この記事は Unityゲーム開発者ギルド Advent Calendar 2022 12日目の記事です。

目次

はじめに

「メタバース」という新語が2022年になってインターネット上でよく使われるようになりました。新語ゆえに定義ははっきりしておらず、「NFTや仮想通貨のやりとりがあるか」「VR機器に対応しているか」「雇用があるか」などの要素によってメタバースなのか否かなのかが随所で議論されています。いずれにせよ「オンラインで自身を操作でき、かつ他のプレイヤーとのコミュニケーションが取れるCG空間」というとは共通のようです。VRChatやcluster、NeosVR、VirtualCastなどのVRSNSはもちろん、『あつまれどうぶつの森』『Minecraft』などのオンラインゲームもメタバースと言えます。

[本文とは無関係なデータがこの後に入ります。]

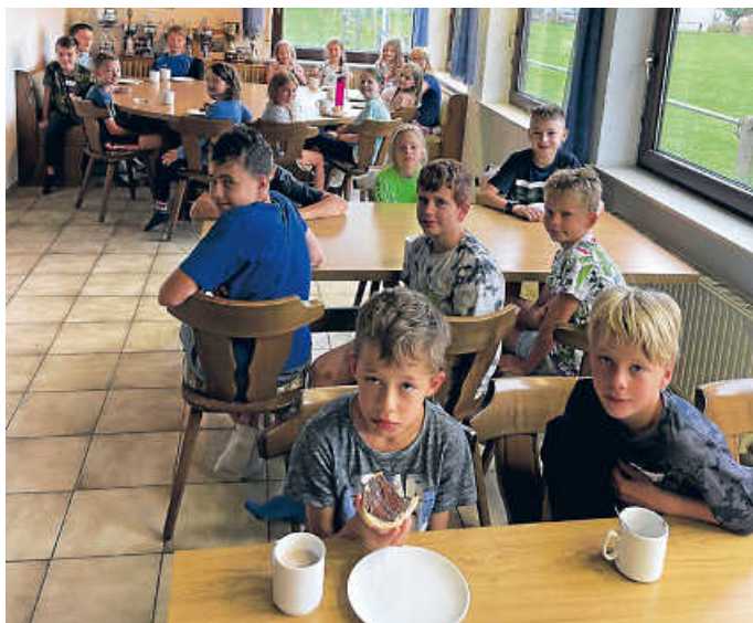
Die Kinder beim Frühstück

なので今回は「オンラインで自身を操作でき、かつ他のプレイヤーとのコミュニケーションが取れるCG空間」を、Unityを用いて作りたいと思います。

実際にUnityでメタバースを作ってみる

2022年12月12日現在、このメタバースは開発中なので、最小限となっております。

Unityプロジェクトを作成する

何がともあれ、Unityプロジェクトを作成しなければ何も始まりません。

今回は、Unity 2022.1.23f1で、標準のBuilt-in Render Pipeline搭載の3Dで作りました。

Photon Fusionでオンライン共有する

早速、メタバースのコアな部分となる「オンライン同期」ですが、2022年12月12日現在、『Photon』という非常に便利なサービスが存在します。よって今回はPhotonを使ってオンライン同期を行いたいと思います。

Photon公式サイト(日本語)

Unityで扱えるPhotonには、従来の『Photon Unity Networking 2(PUN2)』と、その後継の『Photon Fusion』があります。

Photon公式は「後継となる『Photon Fusion』を使ってね!」と告げているので、Photon Fusionを採用しました。なお、Photon Fusionはリリースしてから間もないので、従来のPUN2と比較すると遥かに情報量は少なく、導入や運用には苦労することもあります。(後日、Photon Fusionの使い方の記事も執筆したいと思います)

『Photon Fusion』は、Photon公式サイトよりSDKとして提供されており、unitypackageとしてダウンロードできます。

Photon Fusion SDK ダウンロードサイト(Photon公式、日本語)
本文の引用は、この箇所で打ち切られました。